General constipation advice?
- increase fibre slowly to avoid bloating (grains, fruit veg)
- adequate fluid
- fruit with fibre and sorbitol
Laxative abuse may lead to hypokalaemia.
What are the main types of laxatives?
- Bulk-forming
- Stimulant
- Faecal softeners
- Osmotic
- Others
Tell me about bulk forming laxatives?
- bran, ispaghula husk, methylcellulose, sterculia
- small hard stool in adults who cannot increase dietary fibre
- onset 72hrs
- Sx of flatulence, bloating and cramping may be exacerbated
- adequate fluid intake
- AVOID in intestinal obstruction
(methylcellulose is also a softener)
Tell me about stimulant laxatives?
- BISACODYL, sodium picosulfate
- anthroquinones: SENNA, co-danthramer, co-danthrusate
- increase motility, cramps
- avoid in intestinal obstruction
- glycerol suppositories are lubricant and rectal stimulant as mildly irritant
(danthramer ones are carcinogenic so only in terminally ill)
- docussate sodium is stimulant and softener)
Tell me about faecal softeners?
- decrease surface tension and increase penetrance of fluid
Suppositories: - DOCUSSATE SODIUM (also stimulant)
- GLYCEROL (also stimulant)
- arachis oil enemas
- liquid paraffin (adverse effects)
Tell me about osmotic laxatives?
- increase water in large bowel by keeping it or drawing it in
- LACTULOSE (not absorbed by GI)
- gives osmotic diarrhoea of low pH, decreases ammonia bacteria -> useful in hepatic encephalopathy
- MACROGOLS, draw fluid in, could prescribe with fluids to reduce dehydration
What are some Other drugs used in constipation?
Linaclotide
- guanylate cycling-C receptor agonist
- moderate to severe IBS constipation
Prucalopride
- selective 5HT4 receptor agonist with prokinetic properties
- chronic constipation in adults when other drugs laxatives have failed
What would you do for short duration constipation where dietary measures are ineffective?
- start with bulk-forming laxative, ensure adequate fluid
remain hard:
- add or switch to osmotic
soft but difficult to pass / inadequate empty:
- add a stimulant laxative
What do you do in opioid induced constipation?

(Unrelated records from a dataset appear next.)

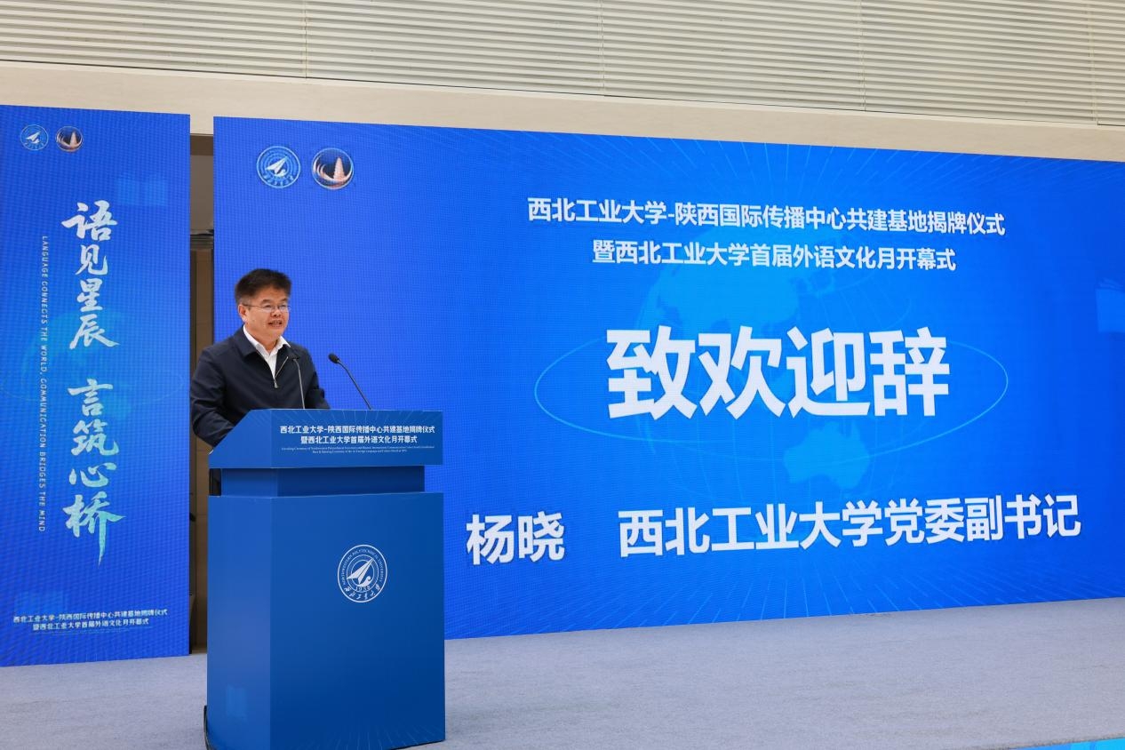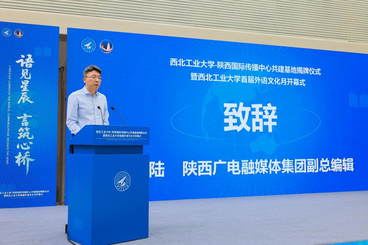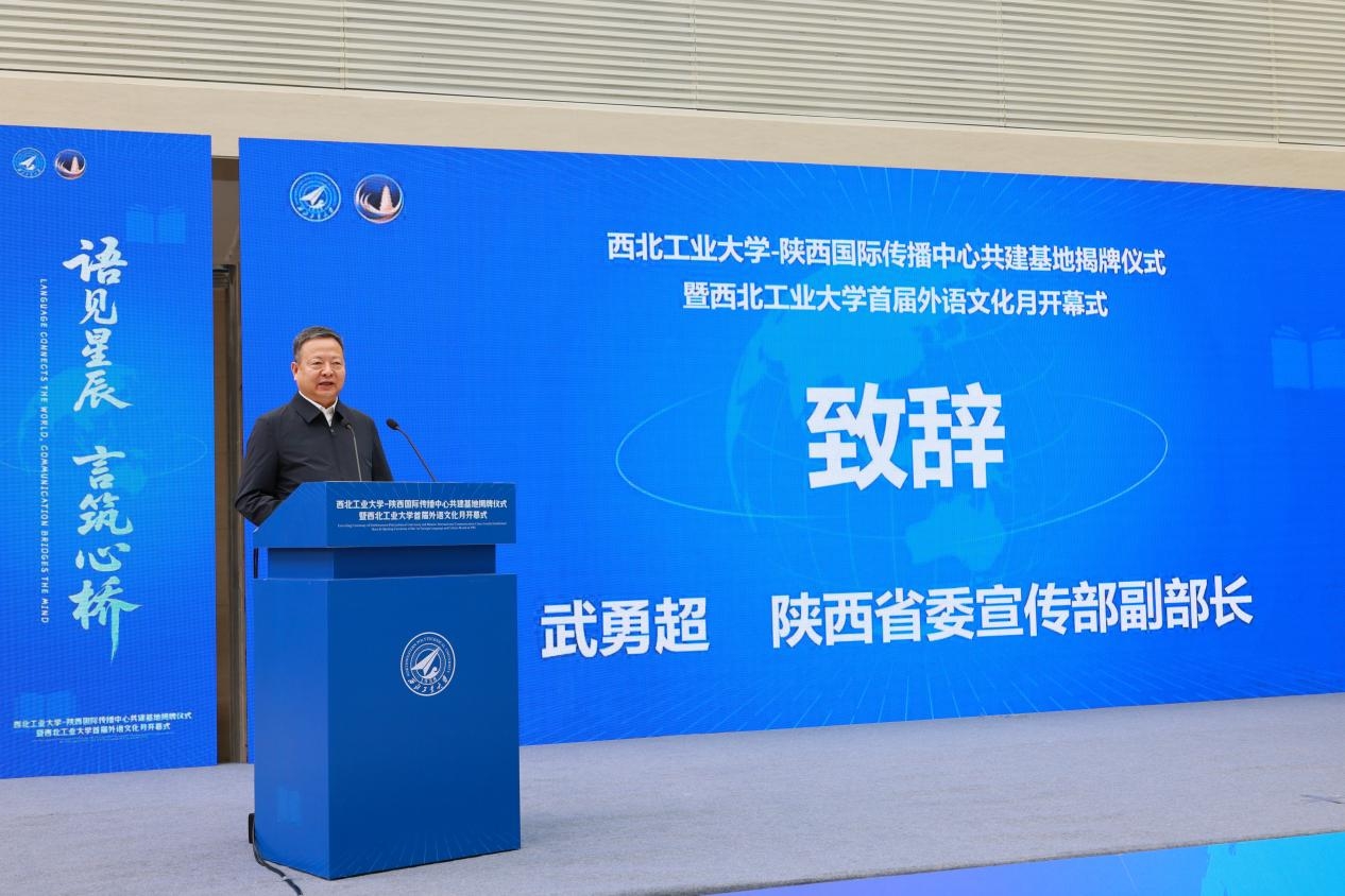 4月27日,伟德国际1949官方网站-陕西国际传播中心共建基地揭牌仪式暨伟德国际1949官方网站首届外语文化月开幕式活动在长安校区举行。陕西省委宣传部副部长武勇超、陕西广电融媒体集团副总编辑邱陆、伟德国际1949官方网站党委副书记杨晓、外国语学院院长孙瑜,党委宣传部、党委学生工作部、团委、科学技术研究院、国际合作处等职能部门的负责人,外国语学院领导班子成员及师生代表参加活动。活动由伟德国际1949官方网站外国语学院党委书记王高祖主持。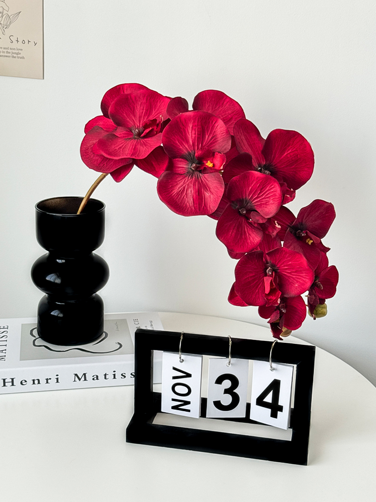 • 검은색 삼파 꽃병 + 붉은 호접란 + 검은색 퍼페추얼 캘린더 원목 모델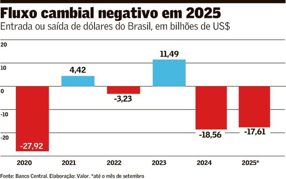 E, nesse sentido, o quadro não é dos melhores: dados do Banco Central mostram que, antes mesmo de entrar no último trimestre do ano, que costuma ser o pior período para o fluxo cambial, a saída de dólares do Brasil em 2025, de janeiro a setembro, registra 95% de todo o montante que deixou o país nos 12 meses de 2024. Nesse período, o fluxo cambial ficou negativo em mais de US$ 17 bilhões.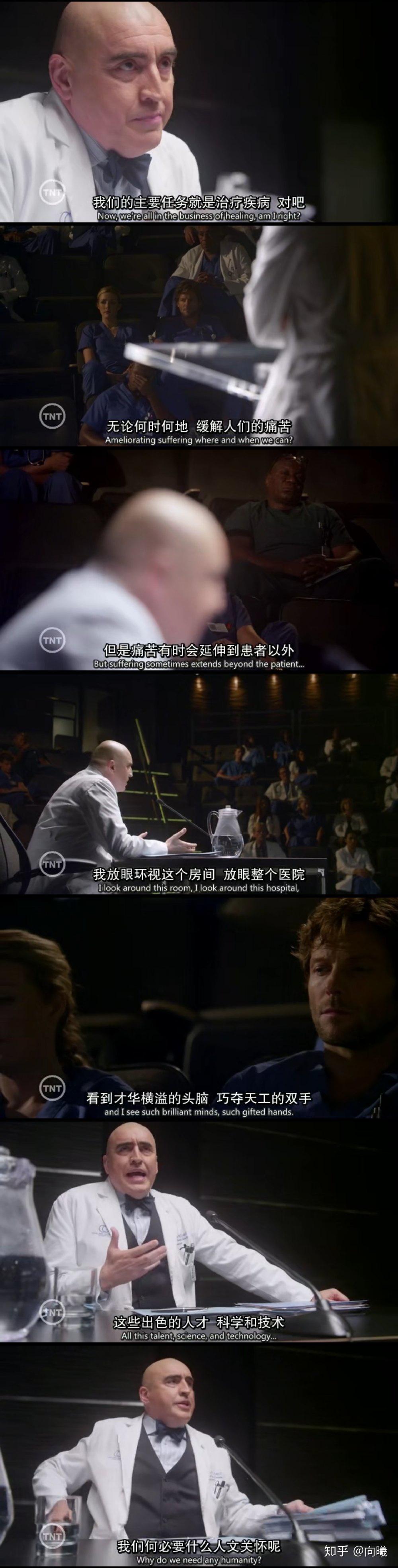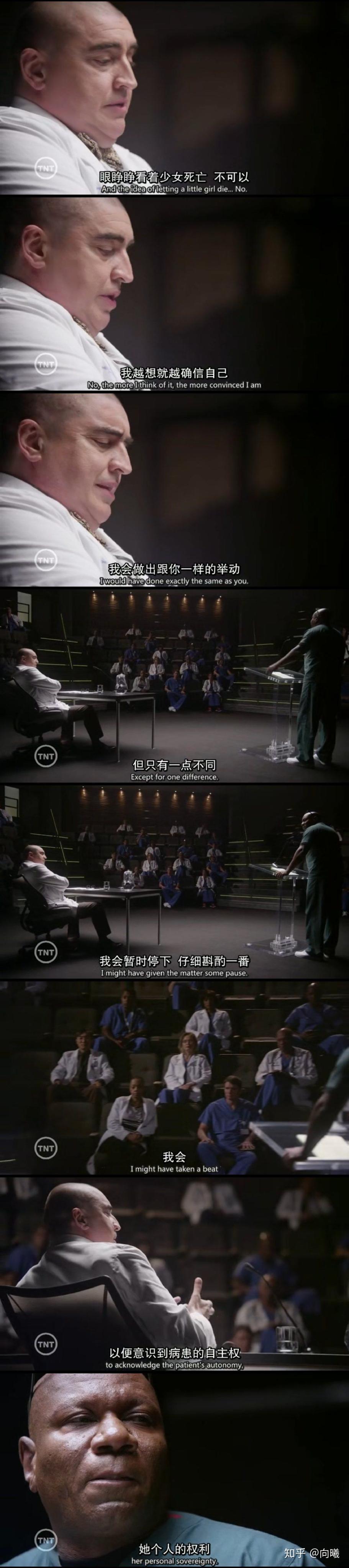 MM还谈到了其他很多伦理问题,比如说医疗事故处理,器官移植,宗教信仰,植物人等等。器官移植一方面谈到了受赠者的价值。医生认为患者有轻生念头,不值得接受移植。然后主任在311会议开始批斗了 下面有图,大概意思就是,医生没有权力决定他人的生命,也不能通过一个人努力与否来评判其价值。但是,这个之所以是一个伦理问题嘛,除了生命平等之外,确实还有对生命价值的讨论(就像临终关怀要考虑生命价值那样,器官移植就能完全不管不顾吗?)器官移植另一方面还谈到了捐赠者,最后一集,死者儿子不答应捐赠母亲器官,在法庭上,Buck说的,本来器官捐赠就是建立在人文关怀之上的,是帮助他人的行为,纵使真的有盈利,但也不能完全将它歪曲成利益,交易,而更应该从一个博爱的角度去看待。比如,谁谁正在焦急的等待某个器官延续生命,捐赠就是对他人的帮助,是理应感到快乐的。但是,器官移植是否应该具有法律强制效应,还是应该听从患者或其家属的意愿,很难找到两全其美的答案...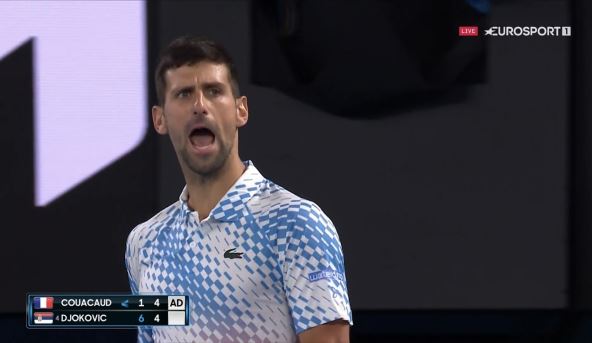 Novak Đoković igra meč drugog kola na Australijan openu protiv malo poznatog Francuza Enca Kuakoa. Dobio je prvi set rutinski, ali se u drugom žestoko muči, tražio je i medicinski tajm-aut zbog problema sa povredom zadnje lože. Zbog svega toga je veoma nervozan.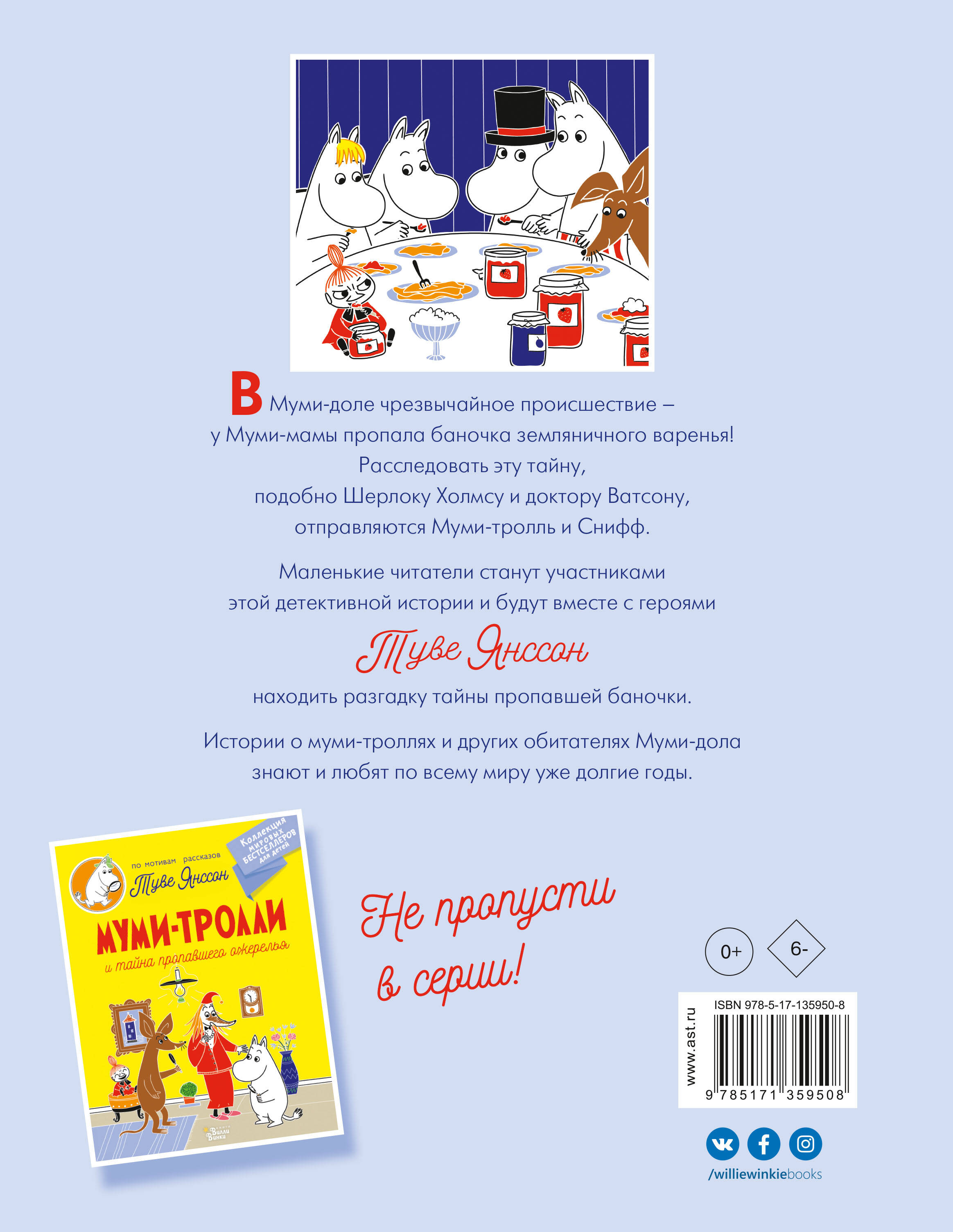 В Муми-доле чрезвычайное происшествие - у Муми-мамы пропала баночка земляничного варенья! Расследовать эту тайну, подобно Шерлоку Холмсу и доктору Ватсону, отправляются Муми-тролль и Снифф. Маленькие читатели станут участниками этой детективной истории и будут вместе с героями Туве Янссон находить разгадки тайны пропажи баночки варенья. Для детей до 3-х лет.| Издательство | Издательство "АСТ" |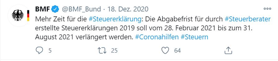 BMF twittert verlängerte Steuererklärungsfrist 2019 für Steuerberater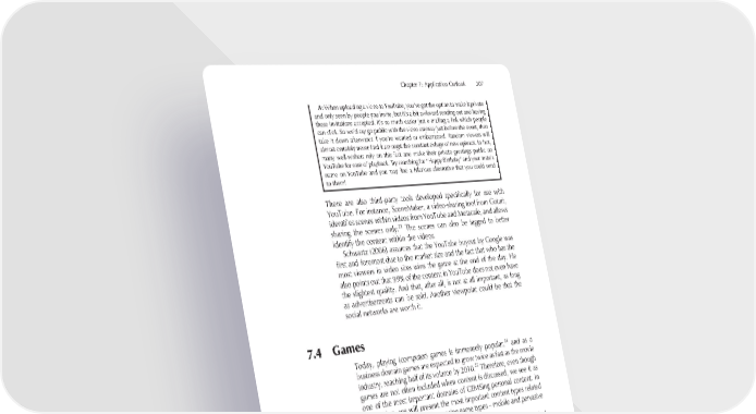 Chapter 7: Application Outlook 307 A: When uploading a video to YouTube, you’ve got the option to make it private and only seen by people you invite, but it’s a bit awkward sending out and having these invitations accepted. It’s so much easier just e-mailing a link which people can click. So we’d say go public with the video anyway just before the event, then take it down afterwards if you’re worried or embarrassed. Random viewers will almost certainly never fi nd it amongst the constant deluge of new uploads. In fact, many well-wishers rely on this fact and make their private greetings public on YouTube for ease of playback. Try searching for “Happy Birthday” and your mate’s name on YouTube and you may fi nd a hilarious alternative that you could send to them! There are also third-party tools developed specifi cally for use with YouTube. For instance, SceneMaker, a video-sharing tool from Gotuit, identifi es scenes within videos from YouTube and Metacafe, and allows sharing the scenes only.23 The scenes can also be tagged to better identify the content within the videos. Schwartz (2006) assumes that the YouTube buyout by Google was fi rst and foremost due to the market size and the fact that who has the most viewers in video sites wins the game at the end of the day. He also points out that 99% of the content in YouTube does not even have the slightest quality. And that, after all, is not at all important, as long as advertisements can be sold. Another viewpoint could be that the social networks are worth it. 7.4 Games 24 Today, playing (computer) games is immensely popular, and as a business domain games are expected to grow twice as fast as the movie 25 industry, reaching half of its volume by 2010. Therefore, even though games are not often included when content is discussed, we see it as one of the most important domains of GEMSing personal content. In this section, we will present the most important content types related to games, and discuss the emerging game types – mobile and pervasive games. As pointed out in section 7.2, location-aware games are a typical form of recently emerged new application types. Even though games themselves are not personal content as such, the content created for 23 http://blog.wired.com/monkeybites/2006/12/slice_tag_and_s.html 24 A study fi nds that among American teens, three out of four play “videogames” (HGVNU 2006). 25 http://www.businessweek.com/innovate/content/jun2006/id20060623_163211. htm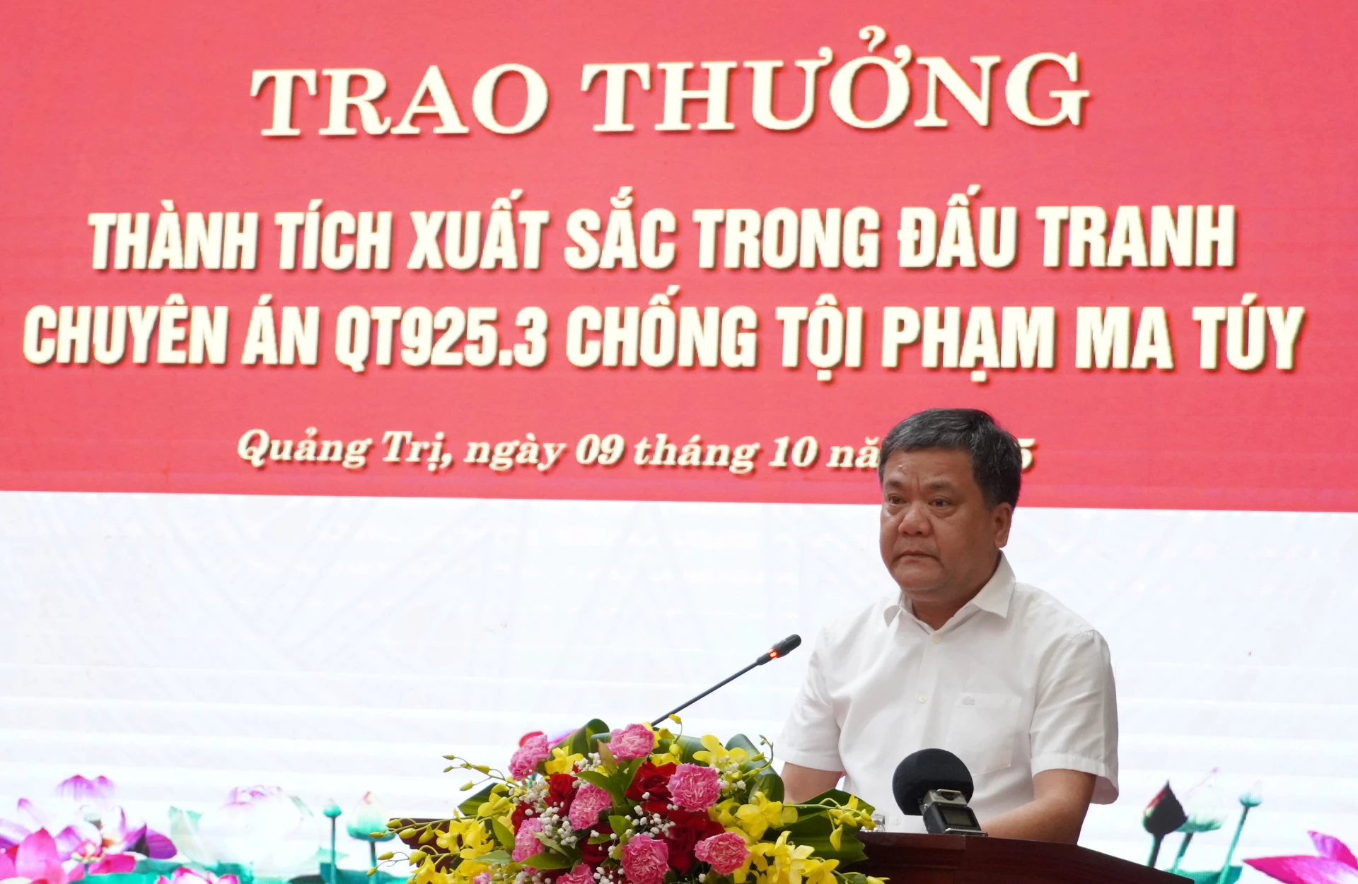 Phát biểu tại buổi trao thưởng, đồng chí Trần Phong, Phó Bí thư Tỉnh ủy, Chủ tịch UBND tỉnh chúc mừng và biểu dương thành tích đặc biệt xuất sắc của cán bộ, chiến sĩ BĐBP tỉnh và các lực lượng phối hợp trong đấu tranh, triệt phá thành công Chuyên án QT925.3.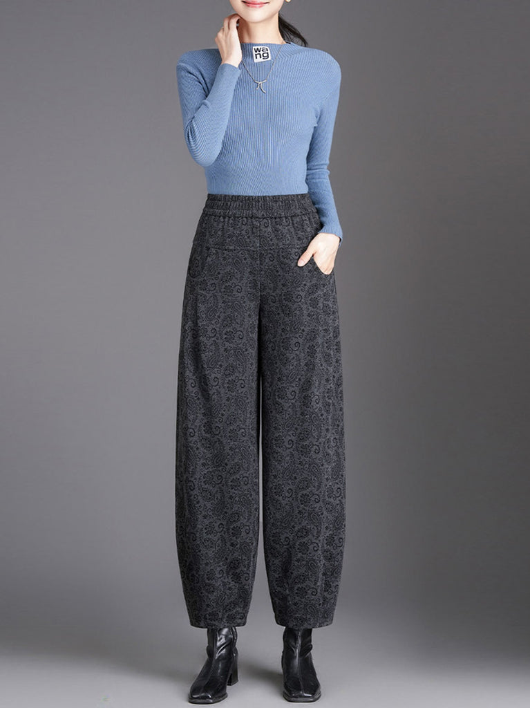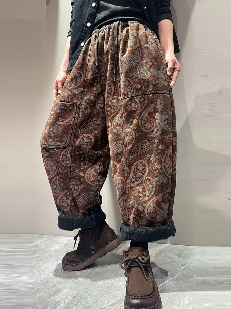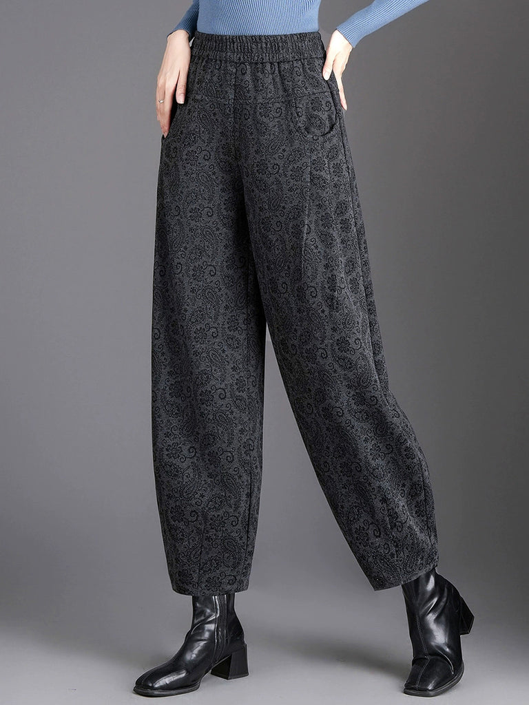 Women Vintage Flower Fleece-lined Harem Pants

- osmotic laxative and a stimulant laxative
- avoid bulk-forming laxatives
- naloxegol when response to other laxatives is inadequate
- methynaltrexone bromide when response to others is inadequate or as adjunct in palliative care
What do you do in faecal impaction?
Hard stools:
- high dose oral MACROGOL
Those with soft stool or still hard after macrogol:
- oral stimulant
Still inadequate response to orals:
- soft stool give bisacodyl (stimulant)
- hard stool give glycerol (softener)
more enemas: decussate sodium, arachis oil etc.
What do you do in chronic constipation?
Start:
- bulk-forming and hydration
Then:
- add / change to osmotic eg macrogol or lactulose
Want one or two soft stools a day
Tried at least two classes at max dose for 6 months?
- women try PRUCALOPRIDE for 4 weeks
Slowly withdraw laxatives, stop stimulants first if they are on them, may need to increase others.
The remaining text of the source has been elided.